• Listed entries:

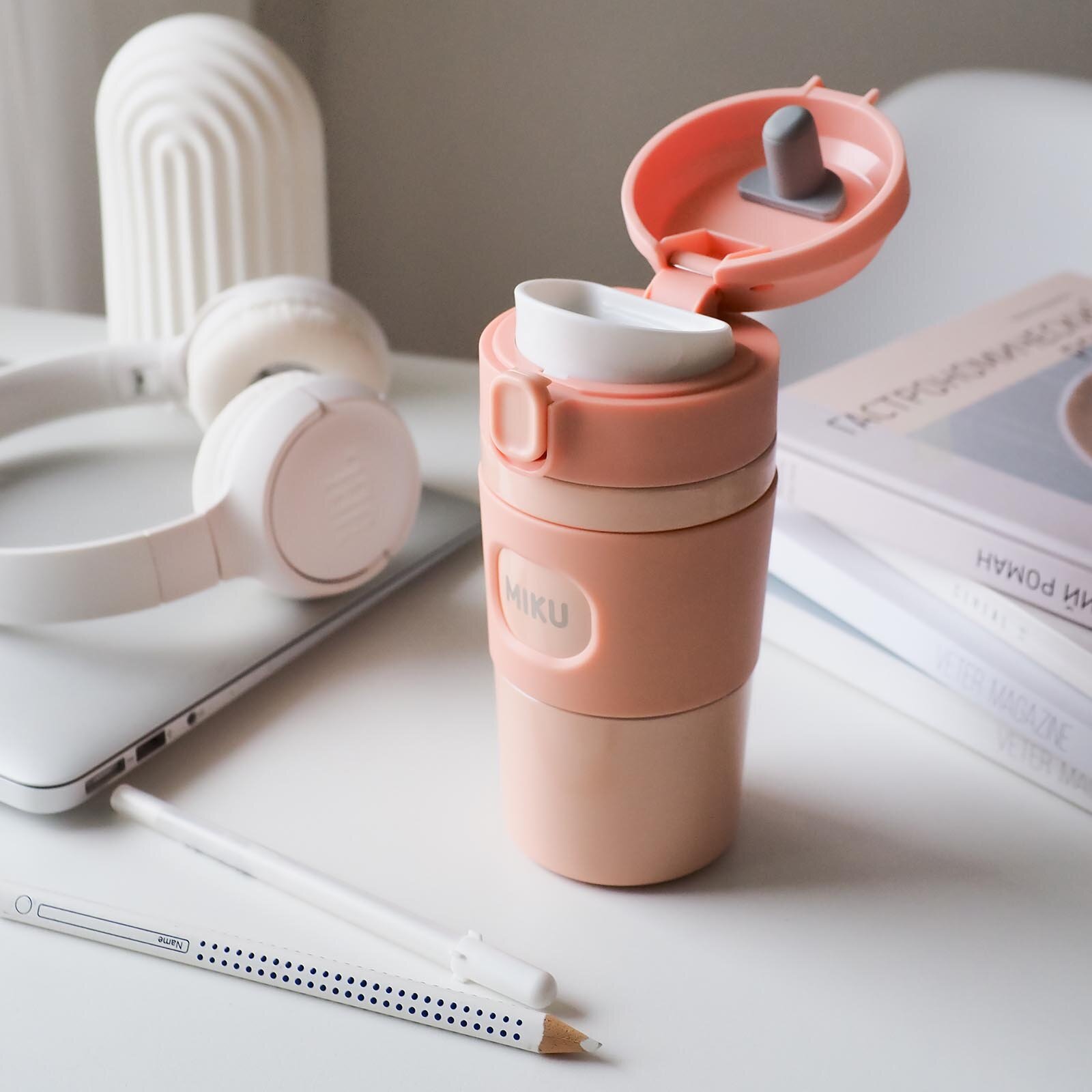 Термокружка Miku TH-MG-350-PCH с кнопкой, персиковый, 0,35 л
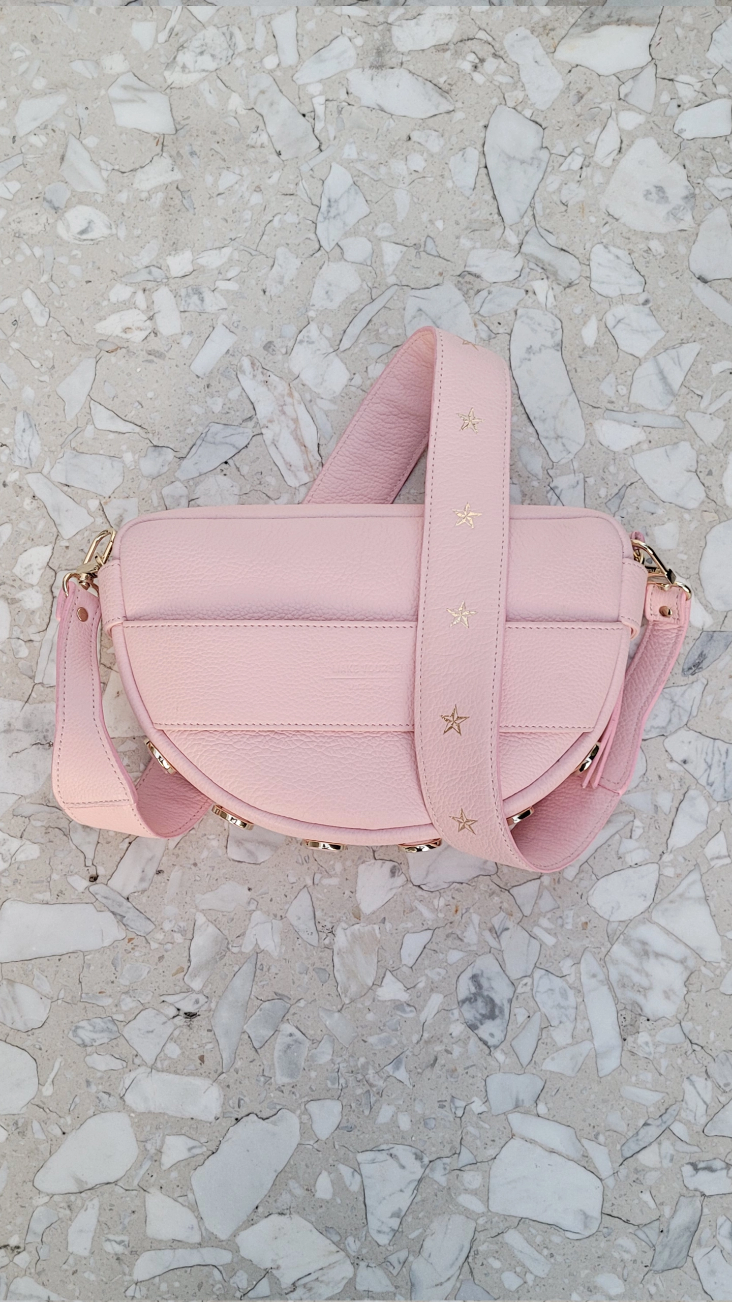 Długi ozdobny pasek STARS Rose Quartz sprawia, że półokrągła torebka listonoszka nosi się wygodnie na ramieniu i przełożona przez ramię. W zależności od stylizacji torebka sprawdzi się również jako półokrągła kopertówka z ozdobnym paskiem.
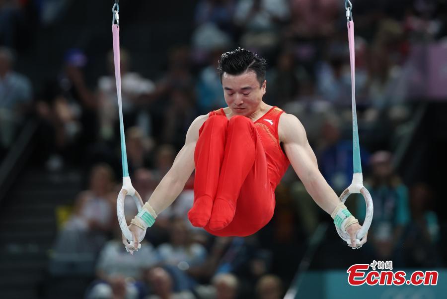 Liu Yang of China competes during the men's rings final of artistic gymnastics at the Paris 2024 Olympic Games, France, Aug. 4, 2024. (Photo: China News Service/Sheng Jiapeng)
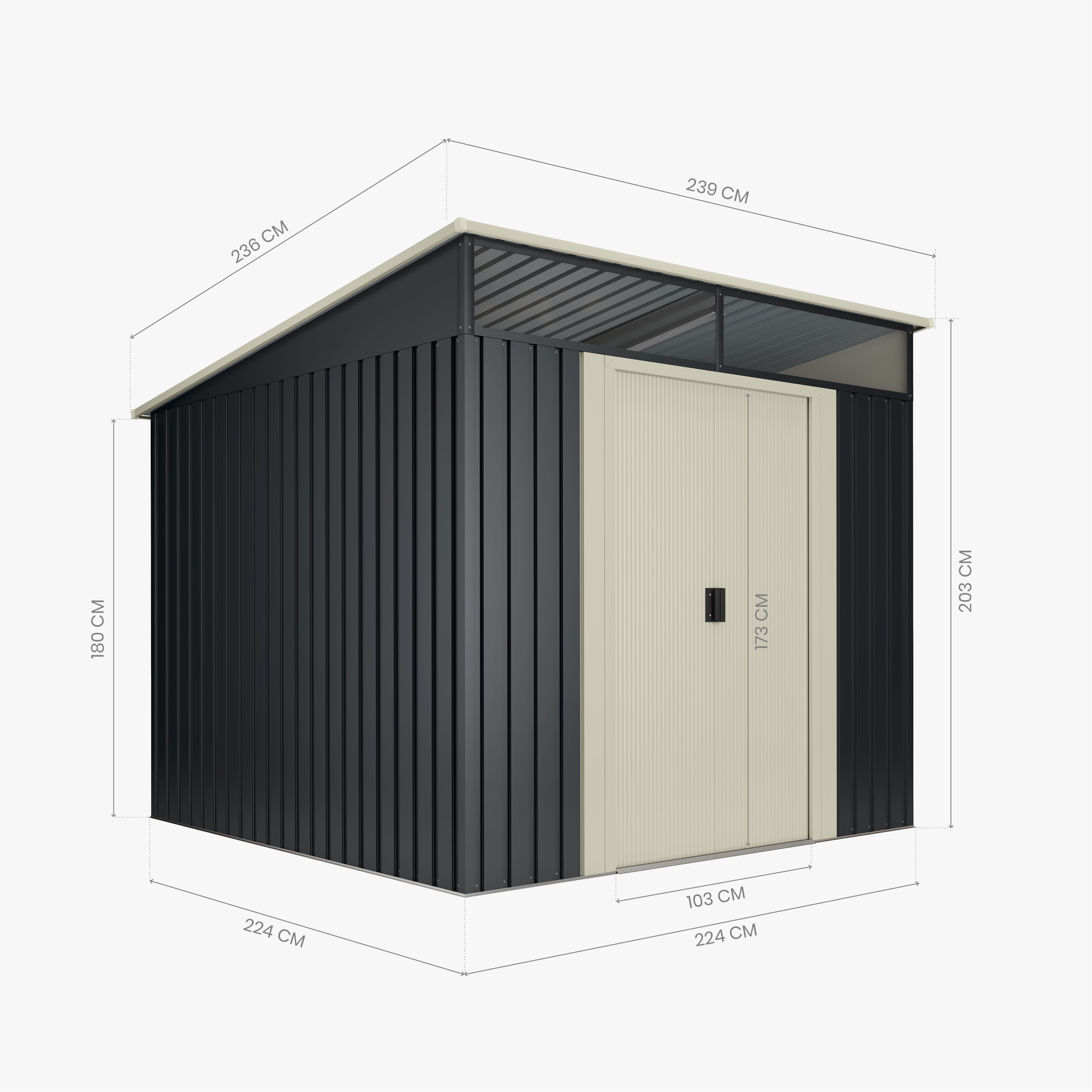 Medida exterior: 239 x 236 x 203 cm
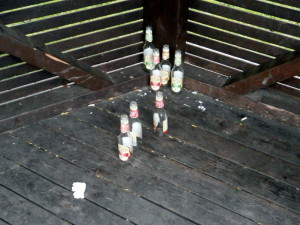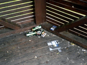 DOBRÉ RÁNO: Noční mejdan v altánu u Volyňky skončil, zůstal binec a baterie prázdných flašek
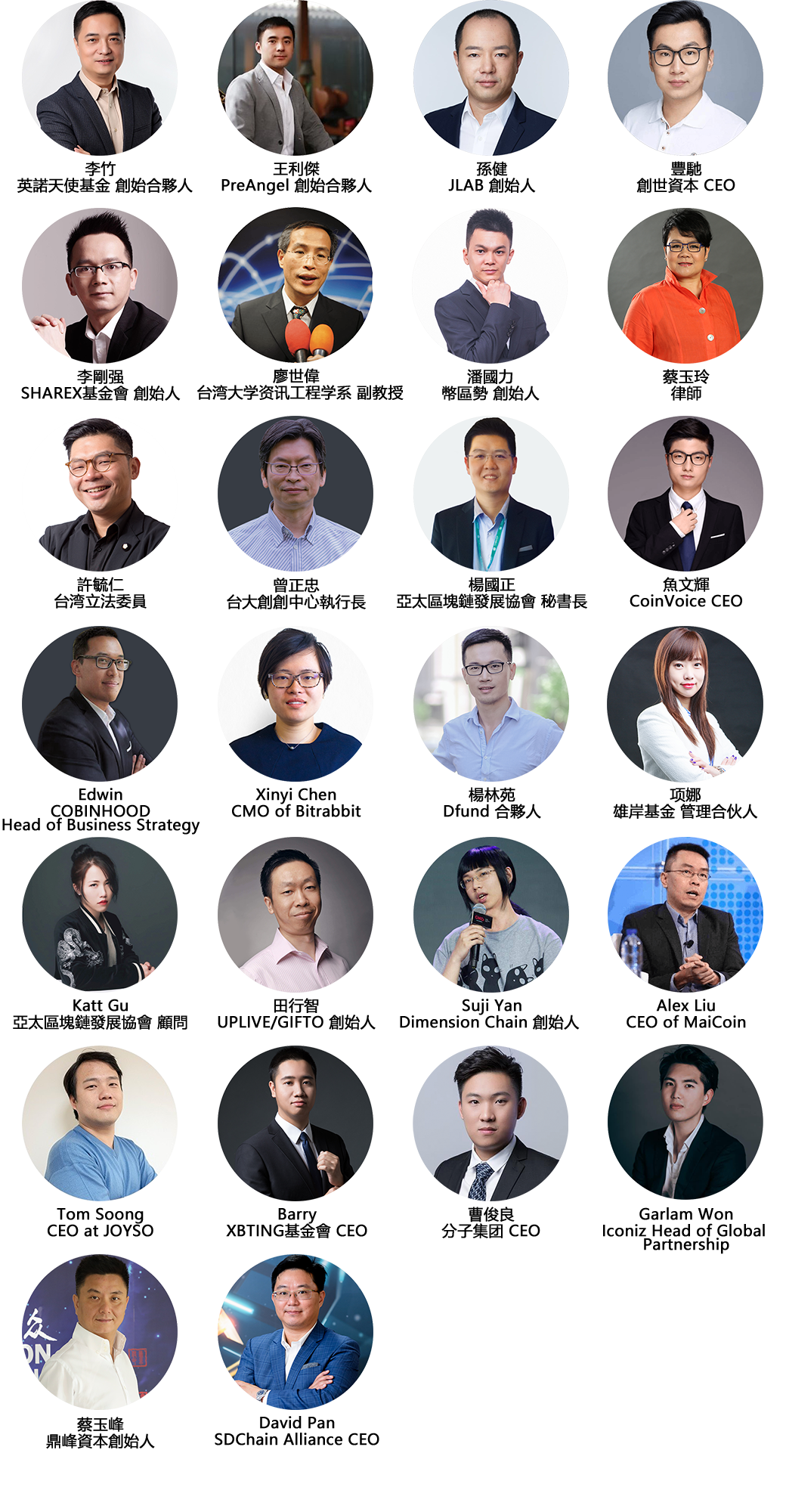 據了解CoinVoice本次峰會將攜手英諾天使基金、JLAB、PreAngel、創世資本、雄岸基金、XBTING基金會、DFund等多家投資機構,並且臺灣當地蔡玉玲律師、立委許毓仁、臺大創創中心執行長曾正忠、臺灣大學資訊工程學系副教授廖世偉、亞太區塊鏈發展協會秘書長楊國正、Joyso CEO Tom Soong、BitRabbit CMO陳欣怡、MaiCoin CEO Alex、BlockCast CEO Kevin均已確認出席。此外值得一提的是CoinVoice此次區塊鏈創新峰會還得到日本、東南亞、韓國多個知名區塊鏈媒體的全程報道。這將是臺灣近期最值得矚目與備受關注的一次區塊鏈盛會,讓我們拭目以待!

• Activity: Beginning with the line that contains "DOBRÉ RÁNO: Noční" and ending with the last line of the data, restate each line word for word. Exclude the pictures.

• Reply to the exercise:
 DOBRÉ RÁNO: Noční mejdan v altánu u Volyňky skončil, zůstal binec a baterie prázdných flašek
 據了解CoinVoice本次峰會將攜手英諾天使基金、JLAB、PreAngel、創世資本、雄岸基金、XBTING基金會、DFund等多家投資機構,並且臺灣當地蔡玉玲律師、立委許毓仁、臺大創創中心執行長曾正忠、臺灣大學資訊工程學系副教授廖世偉、亞太區塊鏈發展協會秘書長楊國正、Joyso CEO Tom Soong、BitRabbit CMO陳欣怡、MaiCoin CEO Alex、BlockCast CEO Kevin均已確認出席。此外值得一提的是CoinVoice此次區塊鏈創新峰會還得到日本、東南亞、韓國多個知名區塊鏈媒體的全程報道。這將是臺灣近期最值得矚目與備受關注的一次區塊鏈盛會,讓我們拭目以待!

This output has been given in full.